Instructions to follow> Would you transcribe the entries below, beginning at the line with "For example, this" and ending after the line with "Vehicle Crash on", exactly, with no picture and nothing more?

Start of Dataset records

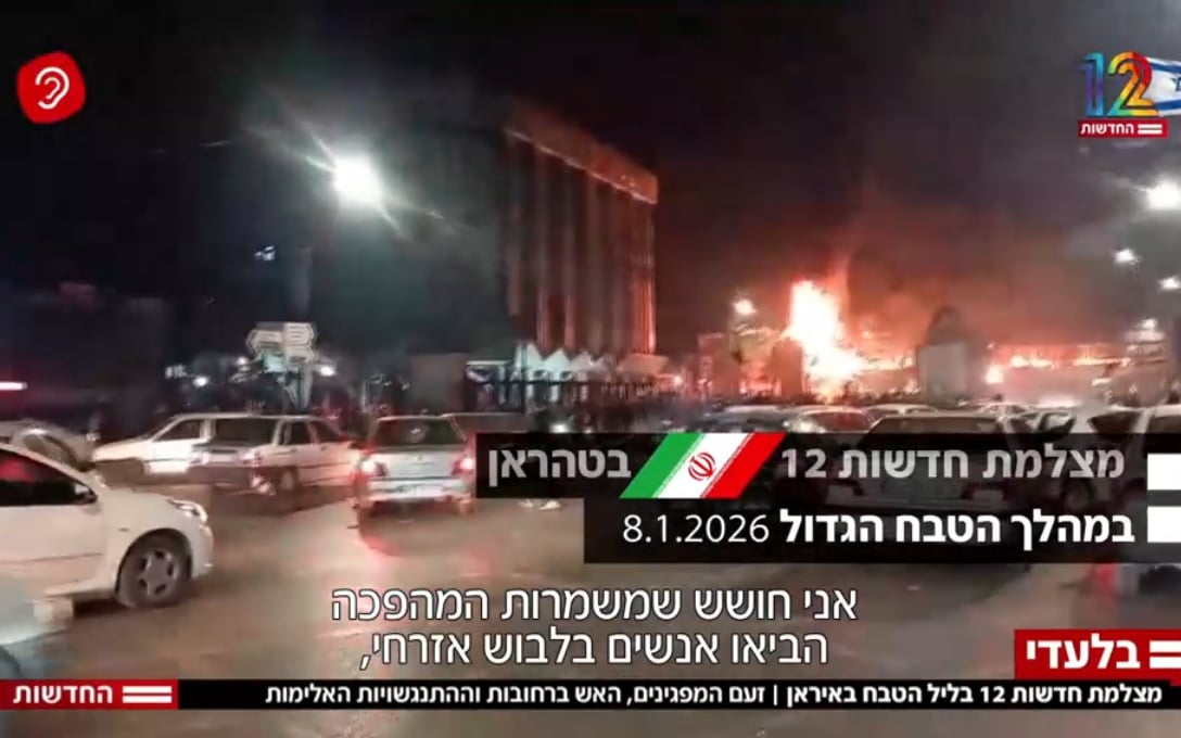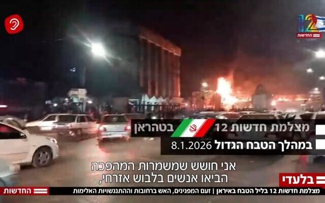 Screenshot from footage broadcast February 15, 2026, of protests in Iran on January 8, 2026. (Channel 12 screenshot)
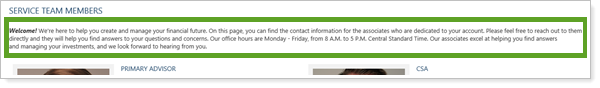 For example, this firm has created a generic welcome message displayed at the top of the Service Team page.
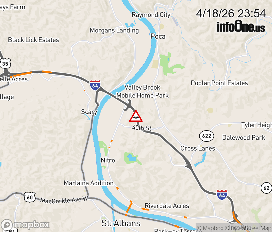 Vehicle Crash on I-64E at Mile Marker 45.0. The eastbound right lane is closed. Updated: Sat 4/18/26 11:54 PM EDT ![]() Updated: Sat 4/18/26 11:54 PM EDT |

End of Dataset records
Start of Dataset records

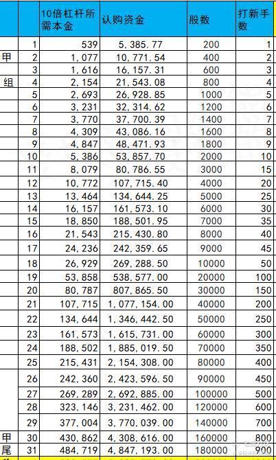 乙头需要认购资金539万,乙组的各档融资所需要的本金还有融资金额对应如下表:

End of Dataset records

Answer space>
 For example, this firm has created a generic welcome message displayed at the top of the Service Team page.
 Vehicle Crash on I-64E at Mile Marker 45.0. The eastbound right lane is closed. Updated: Sat 4/18/26 11:54 PM EDT ![]() Updated: Sat 4/18/26 11:54 PM EDT |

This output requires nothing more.